Segment Open

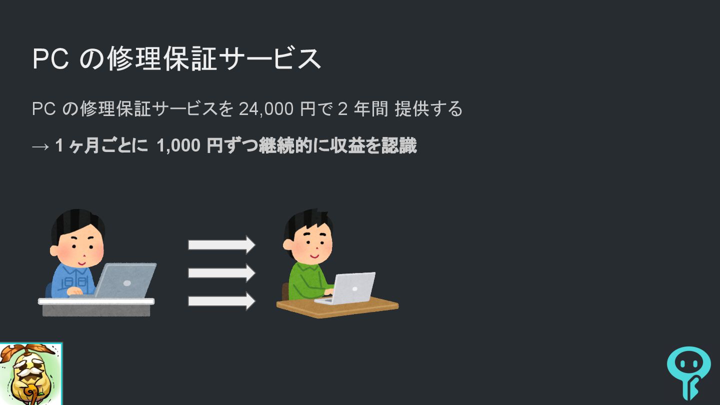 90,000 円の収益を認識 • 1 ヶ月ごとに 1,000 円ずつ収益を認識 PC と 修理保証サービスのセット販売
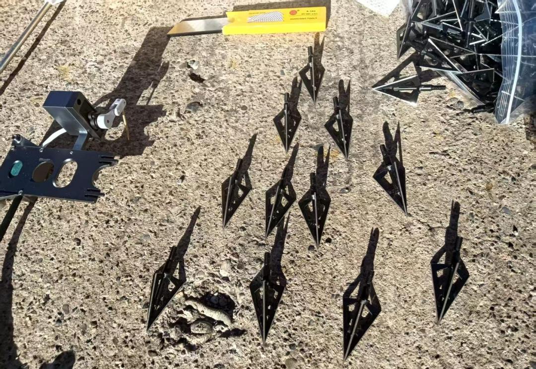張紀偉介紹,涉案的無人機、箭頭等設備,均爲嫌疑人在網上購買,並且網上“行話”將專門用於狩獵的箭體稱之爲“牙籤”。
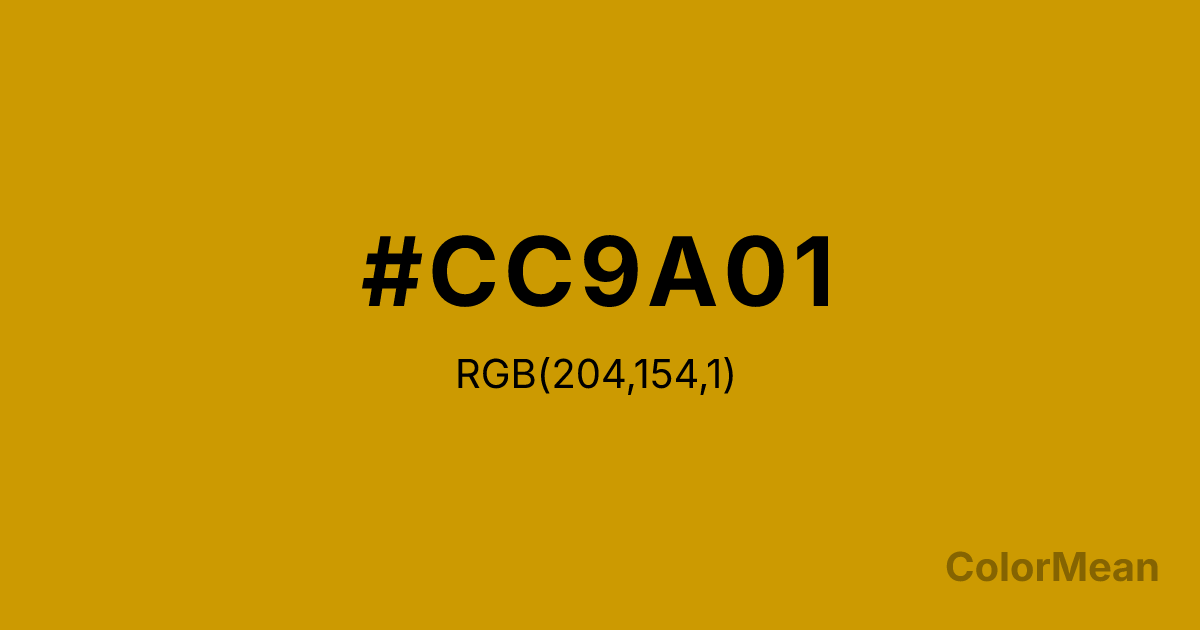 #CC9A01 RGB value is (204, 154, 1). The hex color red value is 204, green is 154, and blue is 1. Its HSL format shows a hue of 45°, saturation of 99 percent, and lightness of 40 percent. The CMYK process values are 0 percent, 25 percent, 100 percent, 20 percent.
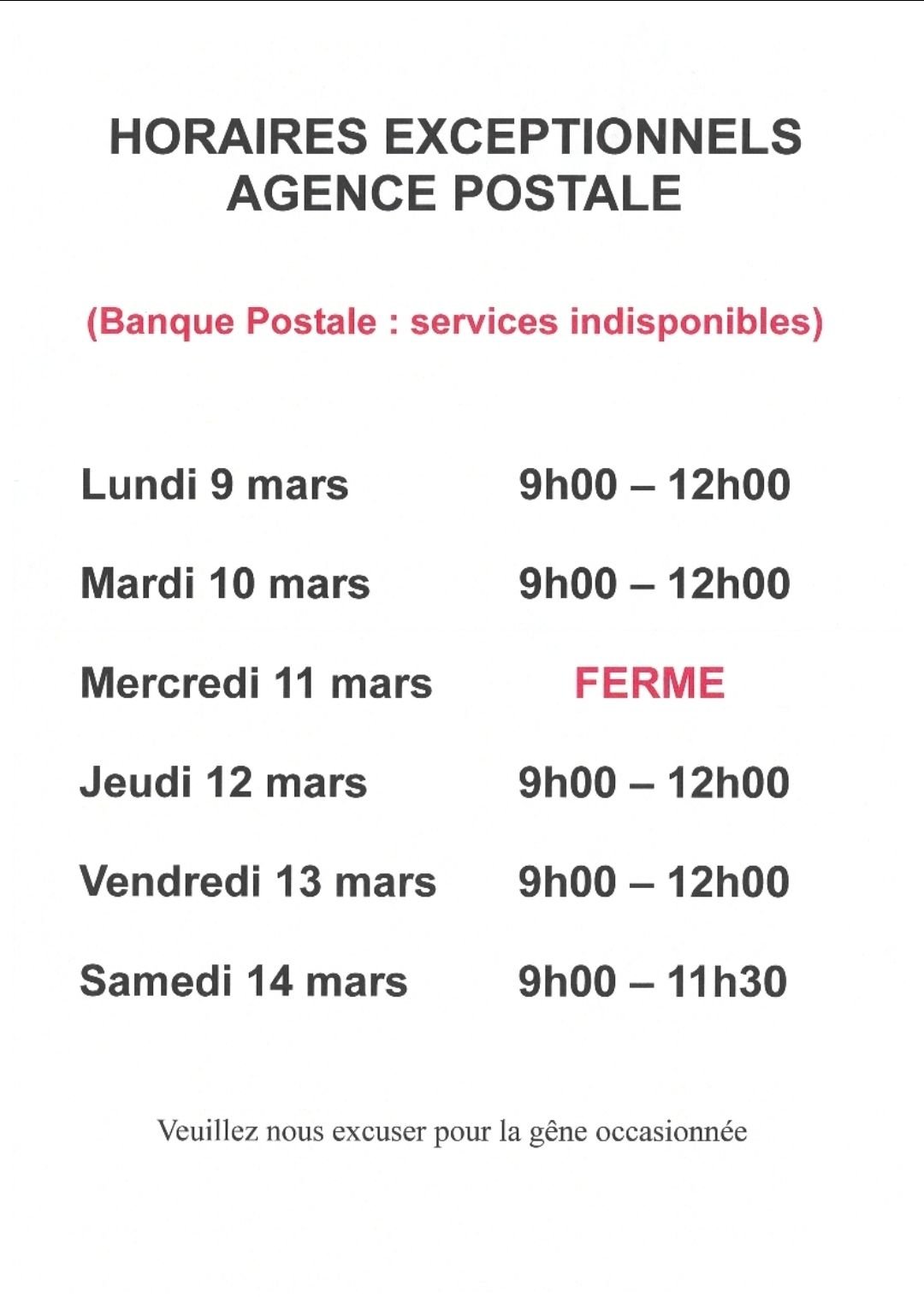 AGENCE POSTALE FERMÉE LES APRÈS-MIDI

Segment Closed

▶ _WORK INSTRUCTIONS_: Nothing but the lines from the one holding "#CC9A01 RGB value" through the last line of the listing should appear in the answer, copied exactly and without pictures.

▶ _TASK RESPONSE_:
 #CC9A01 RGB value is (204, 154, 1). The hex color red value is 204, green is 154, and blue is 1. Its HSL format shows a hue of 45°, saturation of 99 percent, and lightness of 40 percent. The CMYK process values are 0 percent, 25 percent, 100 percent, 20 percent.
 AGENCE POSTALE FERMÉE LES APRÈS-MIDI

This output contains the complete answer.